Let me expand further on "work plan" and  "project management".
...
But it extends to the WG as a whole.  WGs have a finite number
of cycles. [...] if you spread their
resources too thinly, a WG starts having problems.

Few WGs acknowledge that and try to manage it. Managing it
means:

1) identifying core documents that are priority, and minimizing
distractions that will take cycles away from the priority
deliverables.

2) It may mean making concious decisions not to work on some
documente *yet* in order to concentrate resources where it
matters

3) it means tying the work plan directly back to the charter.
If the two aren't in sync, one or both need changing.

4) It means recognizing that there are real limits to how many
documents a WG can (credibly) work on at any one time. (Too
many WGs have lots of marginal documents that suck cycles away
from the critical ones.) How many WGs say "no" to marginal
documents?

If one replaces "WG with AD" and then "document" with "WG", one
sees another part of the problem.  It seems to me that we need
to either:

        * reduce expectations of what a given AD is supposed to
        do with WGs and documents  or
        
        * reduce the number of workload-weighted WGs that an AD
        is expected to "manage".

If we don't do one or the other, this discussion's increased
expectations for mentoring, management, and keeping track of the
big picture and long-term issues are unrealistic: neither
ongoing overload nor lurching from one near-crisis to the next
are a good basis for getting either good management or strategic
thinking done.

SIRS has been mentioned as an old idea that we haven't tried.
But, when one starts looking at AD load, there are other
proposals around too: ones to put limits on the number of WGs
and others to change the review process so that we don't expect
the same people to manage WGs, advocate for them, take the lead
in advocating their output, and then do the evaluations.  There
are reasons to believe that combination would not be ideal under
the best of circumstances but, if we are going to expect more
attention to WG oversight and mentoring, it gets worse.
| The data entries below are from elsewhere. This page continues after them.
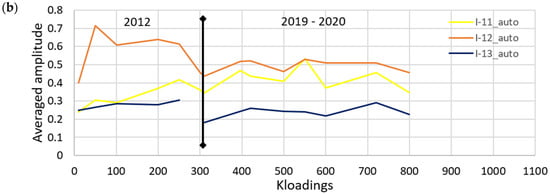 From these maps, some general observations can be made. Firstly, the heavy traffic has not induced strong lateral expansion of the defects although numerous surface cracks that appeared in the two last loading stages. The evolution of the RW amplitudes is visible on Figure 10 for increasing vs. degradation for defects I-11 and I-13 until 720 K loading stage, with defect I-12 presenting a surprisingly high amplitude level at 600 K loading stage. The last measurement stage, done in July 2020 five months after the 720 K loading one (imposed COVID confinement), shows a decreasing trend. Such a decrease of EM contrast suggests an internal moisture evaporation and possible auto-repair of the structure.
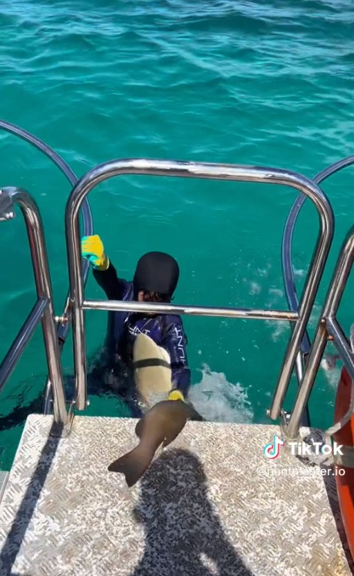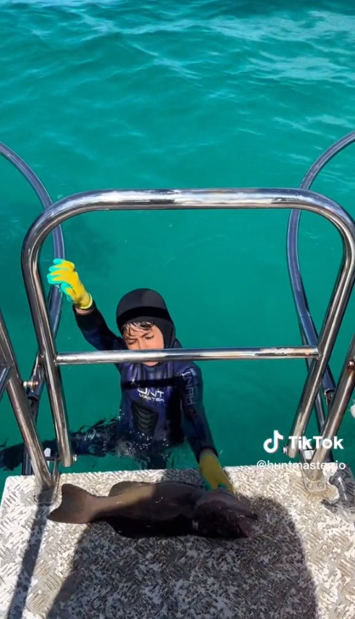 En el material, compartido en la cuenta de Tiktok Huntmaster, se ve al niño salir del mar con un traje de neopreno y un enorme pez en la mano, con el fin de presumir a sus familiares que lo acompañaban.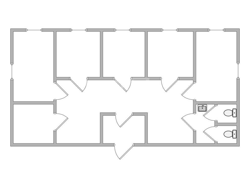 Шесть изолированных комнат площадью 8-10 м² каждая с межкомнатными дверями МДФ 2000х800 мм

Along the same lines, it seems to me that we need to be able to
trust WG Chairs to correctly understand and monitor both WG
consensus and agreements reached after Last Call.  If that isn't
realistic, we probably need better-trained WG Chairs or
replacement WG Chairs, not more work for the ADs.  In
particular, as another piece of the end game, I think AUTH48
ought to be able to be managed by WG Chairs and authors, with a
general understanding that substantive issues have to go back to
the WG and no AD involvement except in very exceptional cases.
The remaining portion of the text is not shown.